[DATA FOR REVIEW]

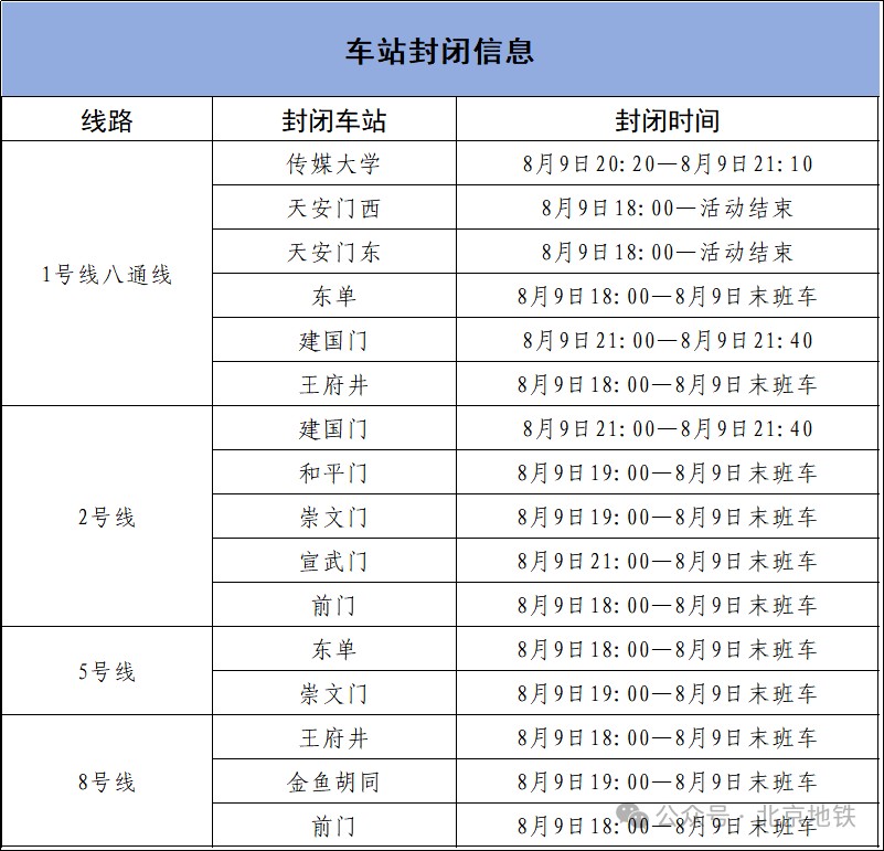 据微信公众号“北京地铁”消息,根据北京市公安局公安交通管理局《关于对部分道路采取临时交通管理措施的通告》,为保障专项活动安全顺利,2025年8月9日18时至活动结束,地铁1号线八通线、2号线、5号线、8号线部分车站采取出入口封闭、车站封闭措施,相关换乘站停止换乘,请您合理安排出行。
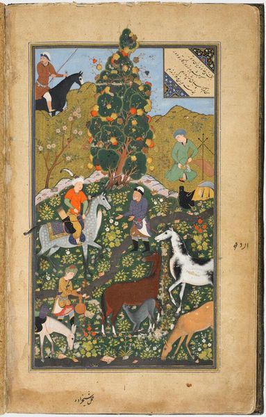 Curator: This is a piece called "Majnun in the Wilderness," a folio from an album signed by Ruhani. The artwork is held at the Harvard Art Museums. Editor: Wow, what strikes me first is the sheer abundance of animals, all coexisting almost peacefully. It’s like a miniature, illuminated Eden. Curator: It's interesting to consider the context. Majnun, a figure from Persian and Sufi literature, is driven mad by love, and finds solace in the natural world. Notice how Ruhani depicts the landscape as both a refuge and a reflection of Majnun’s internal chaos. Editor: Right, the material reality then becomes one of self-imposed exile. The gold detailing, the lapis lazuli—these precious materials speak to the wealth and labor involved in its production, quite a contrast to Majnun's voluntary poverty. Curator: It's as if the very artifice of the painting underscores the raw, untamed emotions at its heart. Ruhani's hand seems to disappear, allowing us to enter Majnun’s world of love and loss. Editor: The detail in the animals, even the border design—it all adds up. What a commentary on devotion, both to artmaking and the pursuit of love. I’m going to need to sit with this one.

[/DATA FOR REVIEW]
[DATA FOR REVIEW]

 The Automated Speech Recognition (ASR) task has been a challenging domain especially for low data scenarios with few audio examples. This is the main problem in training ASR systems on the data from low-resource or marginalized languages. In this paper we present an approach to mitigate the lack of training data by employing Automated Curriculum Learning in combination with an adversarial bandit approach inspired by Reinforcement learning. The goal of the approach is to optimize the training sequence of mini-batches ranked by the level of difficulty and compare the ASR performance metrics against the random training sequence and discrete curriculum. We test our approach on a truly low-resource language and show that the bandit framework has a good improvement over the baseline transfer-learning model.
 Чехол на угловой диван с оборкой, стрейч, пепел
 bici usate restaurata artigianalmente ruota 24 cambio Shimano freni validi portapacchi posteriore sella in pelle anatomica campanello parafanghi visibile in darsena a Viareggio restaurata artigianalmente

[/DATA FOR REVIEW]

# EXERCISE GOAL:
With the first line being the one containing "Чехол на угловой" and the last line the one containing "bici usate restaurata", transcribe exactly the lines above that fall in that range.

# SOLUTION FOR THIS TASK:
 Чехол на угловой диван с оборкой, стрейч, пепел
 bici usate restaurata artigianalmente ruota 24 cambio Shimano freni validi portapacchi posteriore sella in pelle anatomica campanello parafanghi visibile in darsena a Viareggio restaurata artigianalmente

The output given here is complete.